Sixteen states as well as several prominent climate activists sued the United States Postal Service this week over its plan to purchase 148,000 gas-guzzling delivery trucks over the next decade, alleging the agency failed to consider the environmental impact of its decision.
The states accuse the USPS of only performing a “cursory environmental review to justify the decision to replace 90 percent of its delivery fleet with fossil fuel-powered, internal combustion engine vehicles, despite other available, environmentally preferable alternatives,” the lawsuit reads. “In doing so, the Postal Service failed to comply with even the most basic requirements of [National Environmental Policy Act].”
The lawsuit was filed in the US District Court for the Northern District of California by the state attorneys general of California, Pennsylvania, Connecticut, Delaware, Illinois, Maine, Maryland, Michigan, New Jersey, New Mexico, North Carolina, Oregon, Rhode Island, Vermont, Washington state, Washington, DC, and the city of New York.
USPS, under the leadership of Postmaster General Louis DeJoy, has been at odds with environmentalists over the need to electrify the agency’s fleet. Following a years-long bidding process, the USPS unveiled its next-generation mail truck in February 2021, to be made by Oshkosh Defense. They will replace the current mail trucks that have been in service for more than two decades, which were built by another defense contractor, Grumman.
Originally, the postal service said it would purchase 165,000 next-generation mail trucks, only 10 percent of which would be battery-electric vehicles. President Joe Biden and congressional Democrats urged the agency to increase the number of EVs, but USPS determined there was no legal reason to change its plans.
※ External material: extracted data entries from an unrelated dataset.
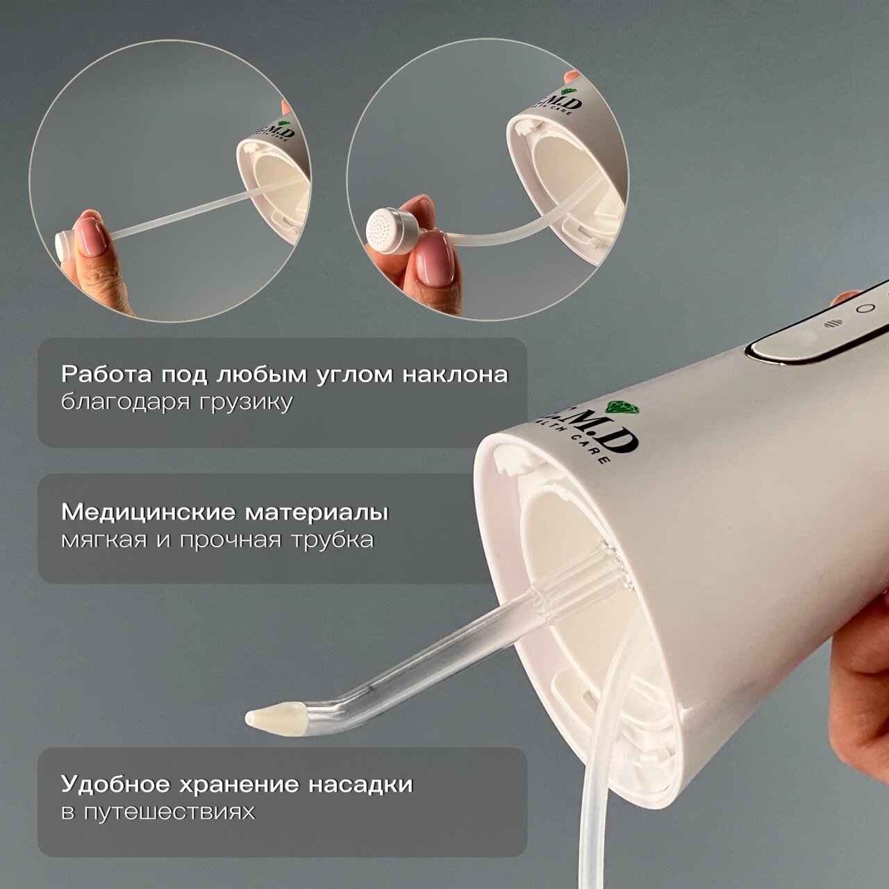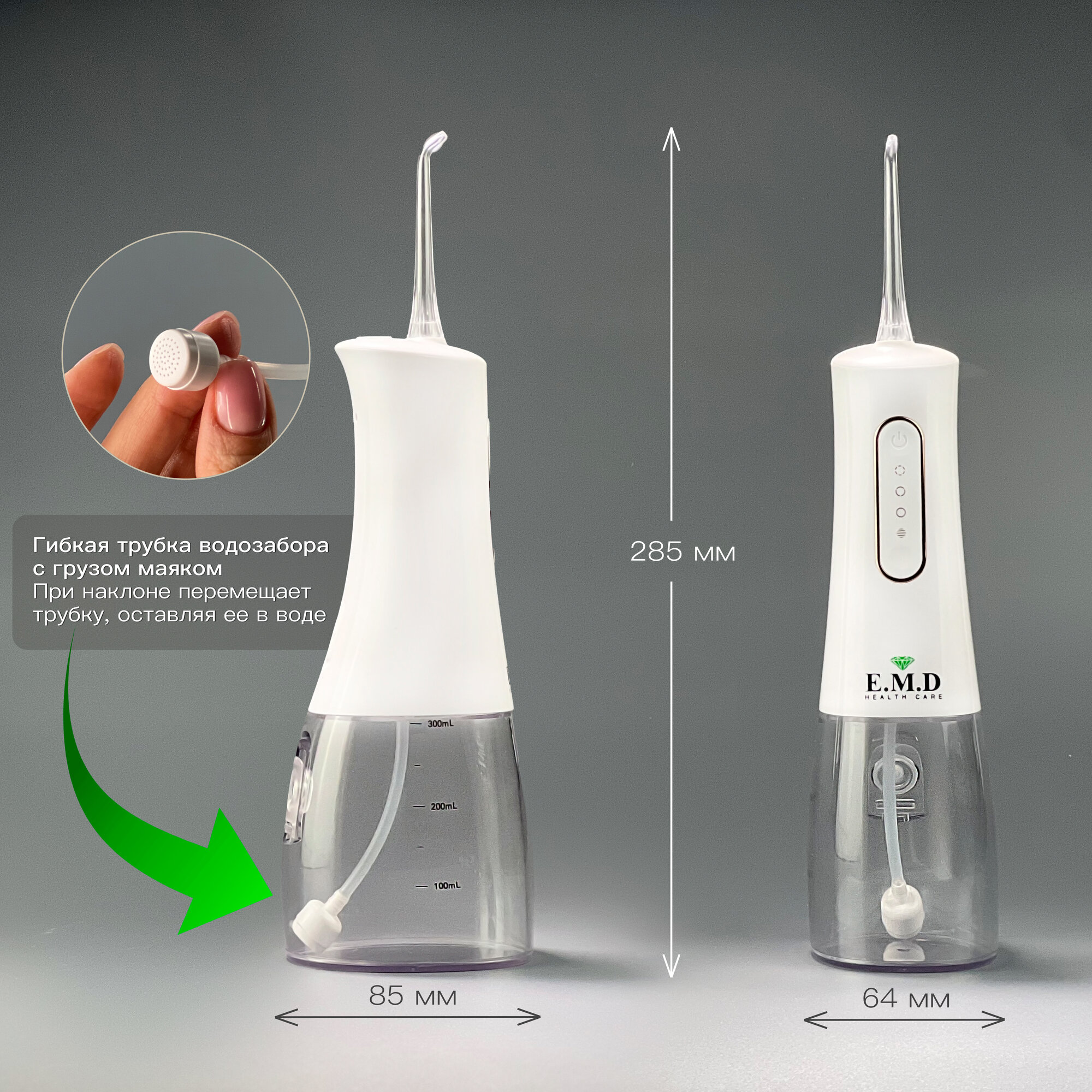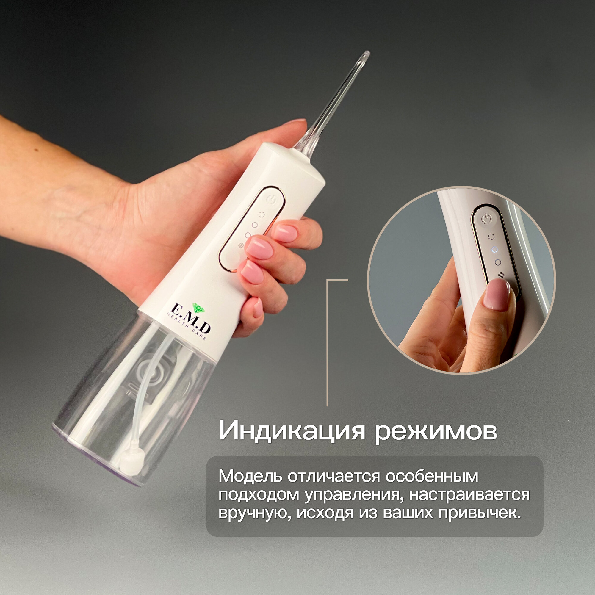 Ирригатор для полости рта E.M.D WG10 NEW портативный белый для зубов, для брекетов, стоматологический, с насадками интересное:
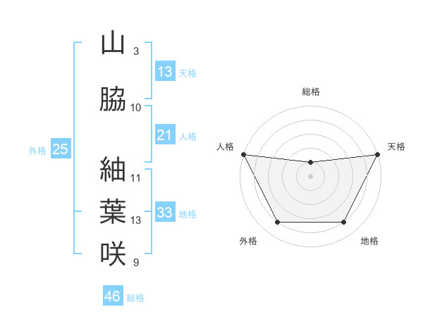 山脇 紬葉咲さんを姓名の画数から五運を鑑定
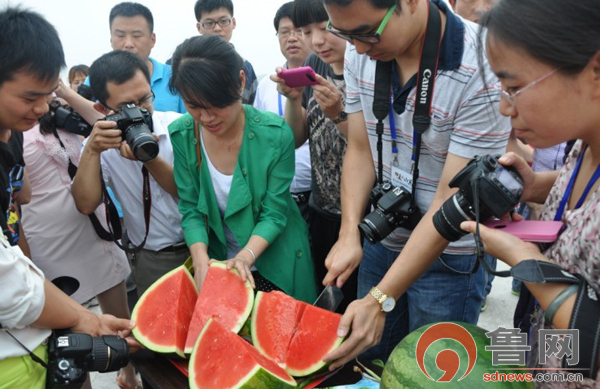 魯網(wǎng)6月18日訊(記者 劉梅婷)今天下午,“聚焦美麗山東——第九屆中國網(wǎng)絡(luò)媒體山東行”采訪團(tuán)抵達(dá)聊城市匯隆無公害瓜菜合作社,領(lǐng)略這里現(xiàn)代農(nóng)業(yè)的風(fēng)采。眼下正是西瓜上市的時(shí)節(jié),在聊城經(jīng)濟(jì)開發(fā)區(qū)許營鎮(zhèn)姚莊村,隨處可見的“許營西瓜”成了搶手貨。田間地頭林立的西瓜收購點(diǎn)和排成長龍的運(yùn)瓜車,讓村民心里樂開了花。
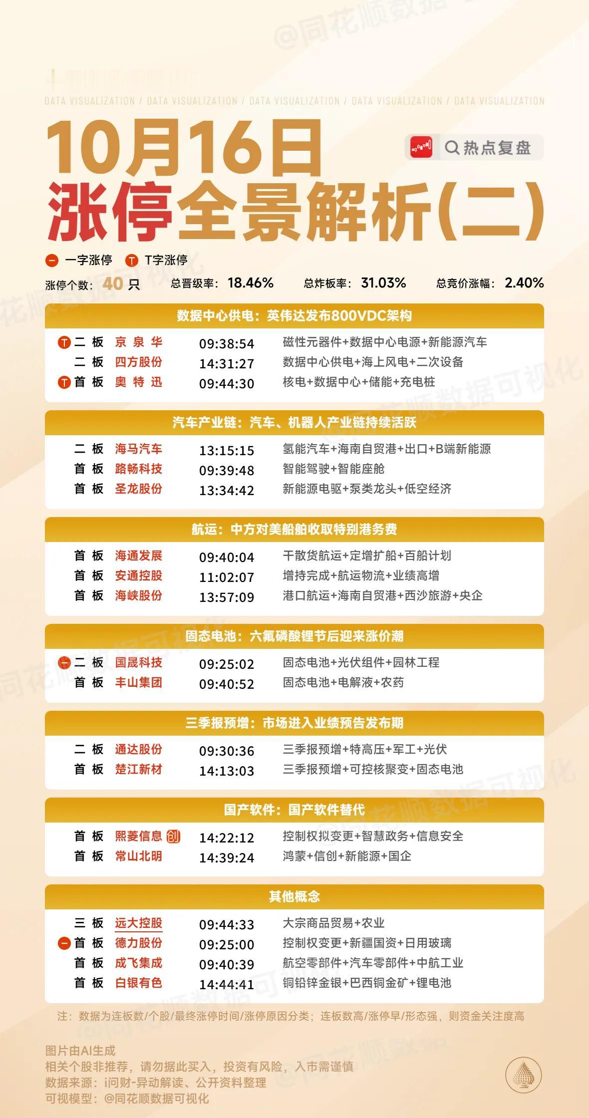 10月16日复盘:常山北明、四方股份、白银有色、楚江新材、合肥城建隔日走势的一些看法! 1、常山北明(华为) 尾盘华为概念异动拉升,常山走出非常强势的直线拉升涨停板,虽然板上出现了一定分歧,但是炸板后依然是快速回封的走势,走出了一个低位的一阳穿三线的倍量首板形态,而且它涨停后,多只华为概念股出现了明显跟随拉升的走势! 盘后的龙虎榜欢乐海岸大买2.66亿,国投朱雀大街、东亚前海分和成都系都是大幅买入,卖盘的整体抛压非常小,榜单整体净流入5.2亿,这样的榜单是非常不错的,尾盘华为的异动拉升是一大看点,近期资金反复在尝试新题材,从之前的军工到光伏,再到昨天的机器人,今天尾盘的华为,市场轮动是非常快的,但是貌似并没有板块走出了比较好的持续性,所以隔日常山能不能强势带动板块是一大看点,从今天的封板强度上看,隔日冲高的溢价有所保证,但是想要连板带动板块,至少竞价就要有超预期表现! 2、四方股份(IDC电源) 早盘竞价整个IDC电源方向还是非常强势的,京泉华开出一字板,四方在首板个股中开的第二好,高开7个点的表现是超预期的,但是开盘后板块出现大幅下杀负反馈,四方也是明显出现资金兑现,但是它下砸后很快有资金承接拉升到分时均线位置横盘,在京泉华顶住分歧回封后,它开始了趋势上行的形态,在放出量能后有资金主动封板,虽然板上有一定分歧,但是最终还是彻底封死涨停! 四方这个二板虽然开板多次,但是可以看到其实它板上承接是非常好的,根本看不出来是一个烂板走势,再加上它量能释放充分,板块还有一个京泉华跟它携手晋级,隔日一旦板块出现比较强的修复,它还是很有看点的,至少不会像核建一样连溢价都没有,隔日可以重点结合京华泉一起看,毕竟是同一个板块,京泉华今天是T字板高换手晋级,它的盘子相对来说较小,隔日如果开盘能够继续强势冲板的话,四方作为中军是很可能走出跟随的,但是,如果板块明显颓势,四方相对来说也更抗跌一些! 3、白银有色(贵金属) 黄金白银期货是大涨的,白银作为之前这个方向最强的个股早盘竞价红开就是明显强势表现,所以开盘是有资金去强势做多的,但是整个板块并没有明显跟随,所以白银板上抛压非常大,之后全天都是在高位的分歧表现,直到尾盘才有资金承接去封死涨停,走出了一个高位的烂板走势! 白银这个涨停跟昨天的核建非常类似,之所以没有资金去强势封死它主要原因是板块并不强势,另外就是大盘明显缩量,白银这种盘子的个股没有板块支撑的情况下获利盘会选择兑现,所以隔日白银能不能有溢价很难说,晚上的黄金白银期货的表现是看点,一旦期货开始回调,隔日白银可能很难给到溢价表现,这只个股这种形态想要连板几乎是不可能了! 4、楚江新材(业绩) 楚江因为业绩走出了一个一字板,昨天是明显的大幅高开调整,早盘竞价突然出现资金跳空抢筹这只个股,所以开盘后迅速出现资金拉升做多封板,在板上出现了一定分歧放量后彻底封死涨停,但是随着大盘的跳水,它也出现了明显资金兑现,盘中一度跌破分时均线,好在是有资金承接回来,直到尾盘才有资金再次做多封板,走出了一个明显烂板的反包板! 盘后的龙虎榜买盘有江苏路这种知名游资进场接力,卖盘主要是机构砸盘兑现,榜单是明显的资金换手,这样的榜单其实不差,但是楚江今天的形态确实够烂,隔日能不能给到溢价真的很难说,虽然楚江概念一大堆,但是这只个股历来股性不活跃,不管哪个板块强势,它都很难出现涨停,所以这个反包板走成烂板的情况下,隔日能给到冲高就已经非常不错了! 5、合肥城建(长鑫科技+地产) 早盘竞价合肥抢到红盘开,再加上早盘地产和存储芯片都有明显板块效应,合肥作为昨天被错杀的个股,开盘就有资金强势拉升做多封板,在板上出现了一次小分歧后迅速回封,但是之后盘中再次出现了一次明显的资金兑现炸板,好在分时均线处有强支撑,在放出一定量能后有资金进行了承接回封,走出了一个比较强势的反包形态! 合肥这个涨停板还是非常强势的,关键它还切合了今天市场的两大热点,隔日的预期就很高,一旦竞价出现非常强势的表现,它是有继续连板预期的,毕竟现在市场短线生态非常不好,在高标接连兑现的情况下,合肥如果能够走出连板反包,或许会成为市场下一个热度,对于几个未IPO的巨头,宇树带动过首开,摩尔线程带动过和而泰,新凯来带动过至纯,更牛逼的是上海微电子带动的华建,那么长鑫科技会不会持续带动合肥,就非常有看点了,毕竟从流通市值上看,合肥的空间确实还比较大,比较有想象空间! 文中的内容仅为分享和交流,不作为实际操作建议!
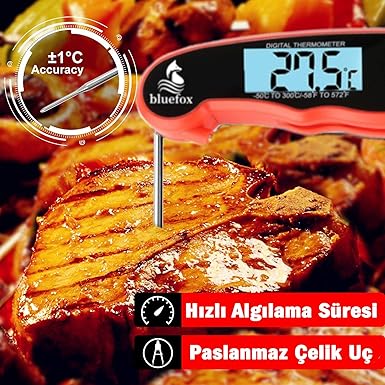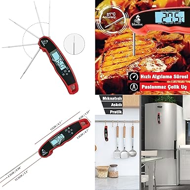 Dijital Ultra Hızlı: Bu et termometresi, sadece 2-3 saniyede sıcaklığı hızlıca ölçer ve -50 °C ile 300 °C arasındaki geniş bir aralıkta +/- 1 derece doğruluk sunar. Sıvılar, gıdalar, etler, tatlılar, hindi, çikolatalı kahve, süt ve banyo suyu için idealdir.
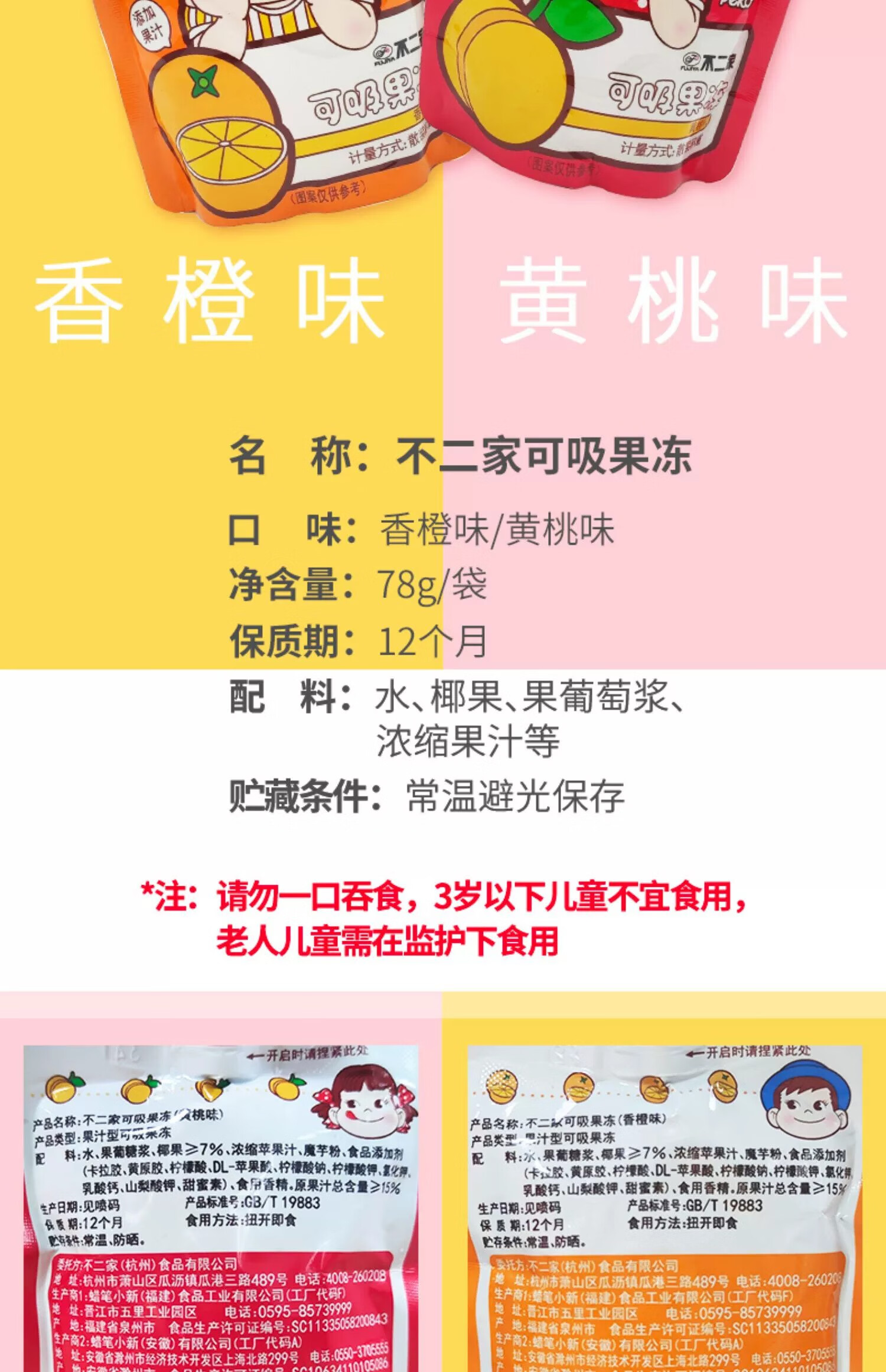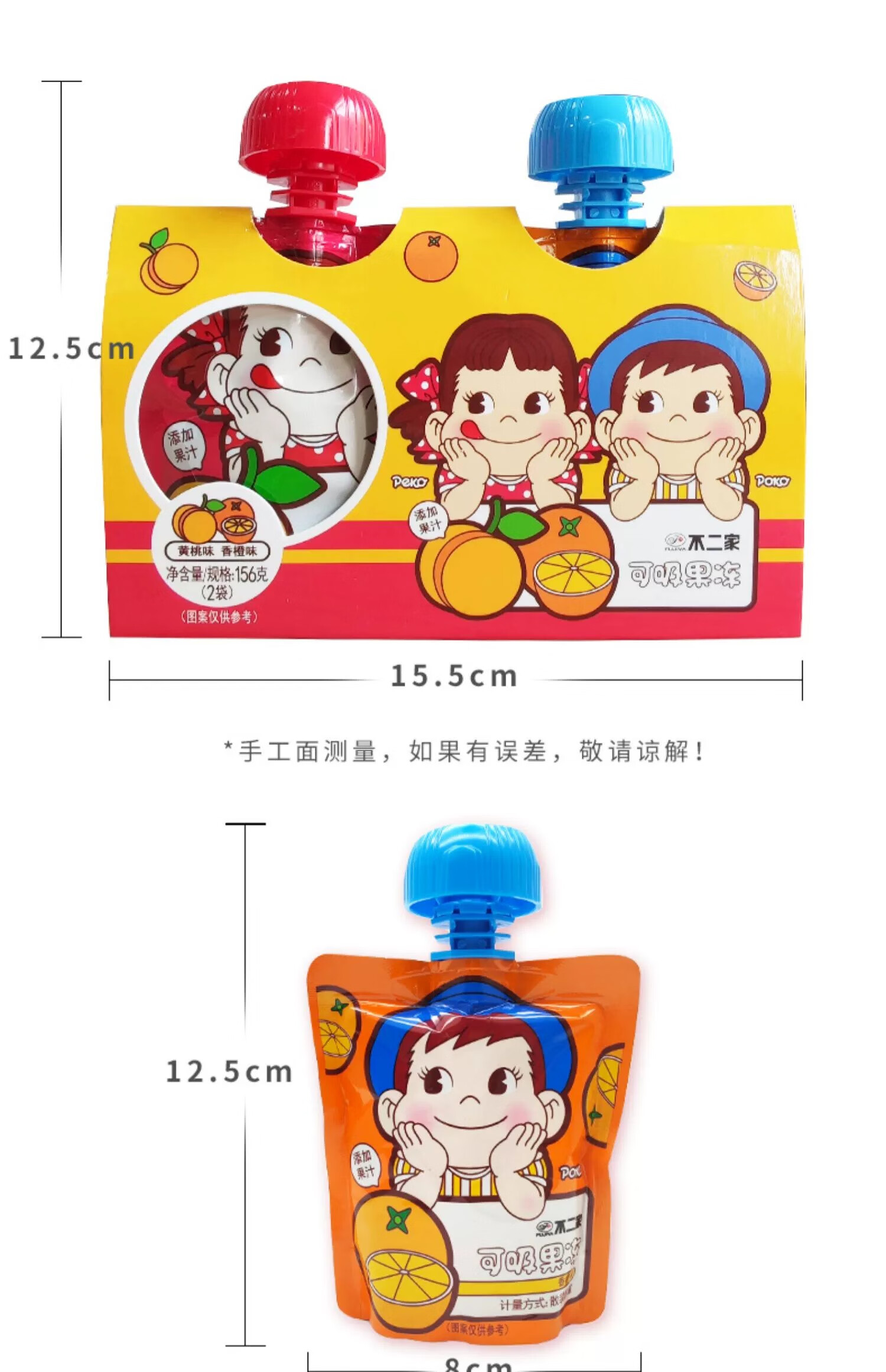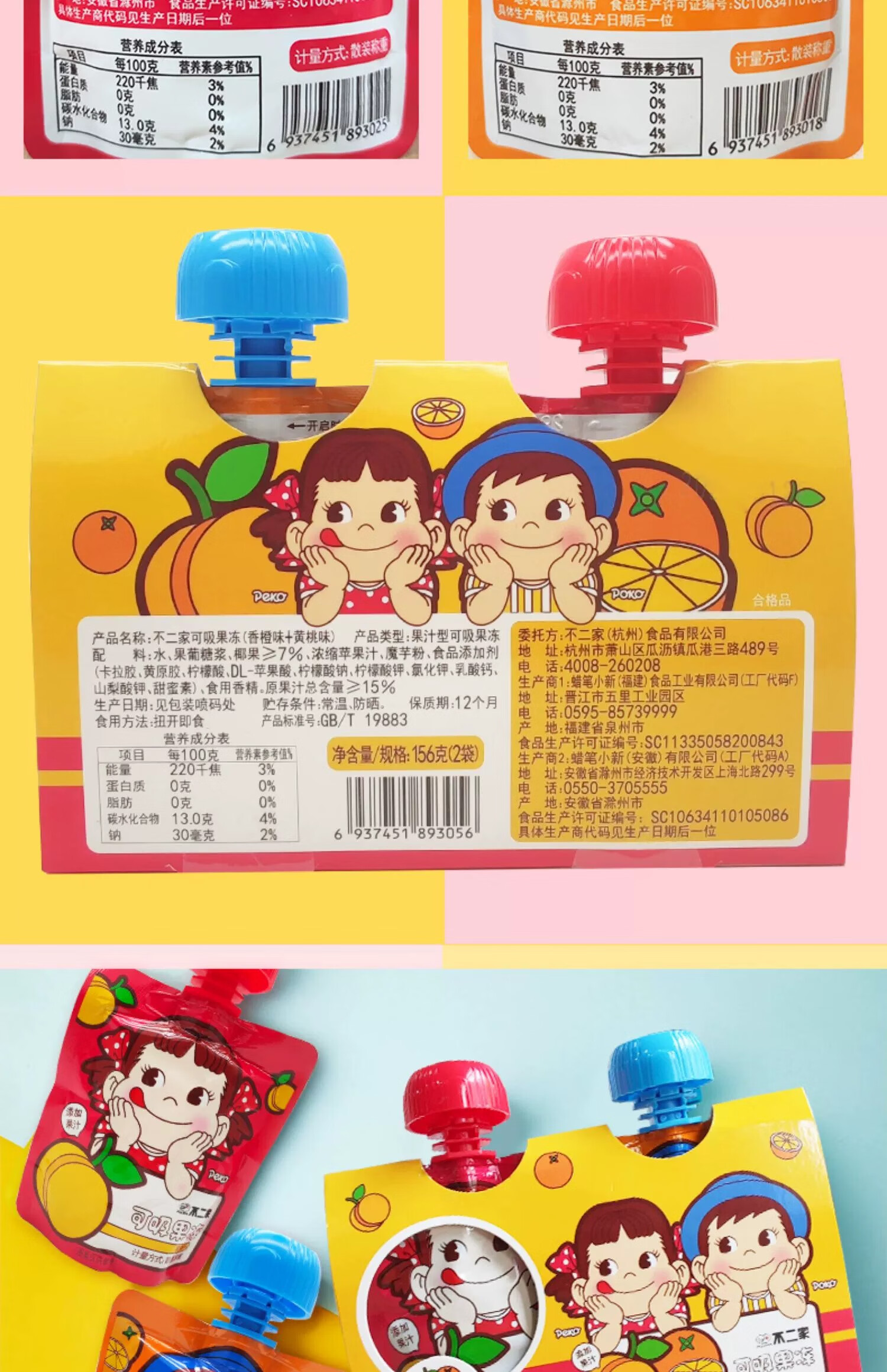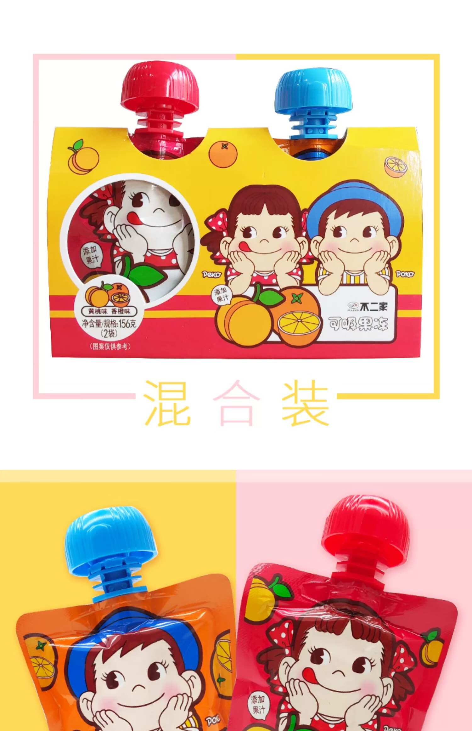 不二家 香橙味+黄桃味可吸果冻 156g(1对)儿童礼物 休闲零食 解馋果冻

But, earlier this year, the service said it would increase its initial order of EVs from 5,000 to 10,019, determining it “makes good sense from an operational and financial perspective.”
Still, the states accuse the USPS of relying on faulty judgment and an incomplete process to acquire gas-powered vehicles that only get 8.6 miles per gallon while using air conditioning compared to an industry average of between 12 and 14mpg for fleet vehicles.
In response, the USPS defended its practices, noting that it remains open to increasing its order for more electric vehicles in the future should additional funding become available to do so.
“The Postal Service is fully committed to the inclusion of electric vehicles as a significant part of our delivery fleet even though the investment will cost more than an internal combustion engine vehicle,” a spokesperson said in an email. “That said, as we have stated repeatedly, we must make fiscally prudent decisions in the needed introduction of a new vehicle fleet.”
Congress recently approved a $50 billion rescue package for USPS, which has lost more than $90 billion since 2007. DeJoy has proposed slashing billions of dollars in funding and slower first-class mail deliveries as new standards.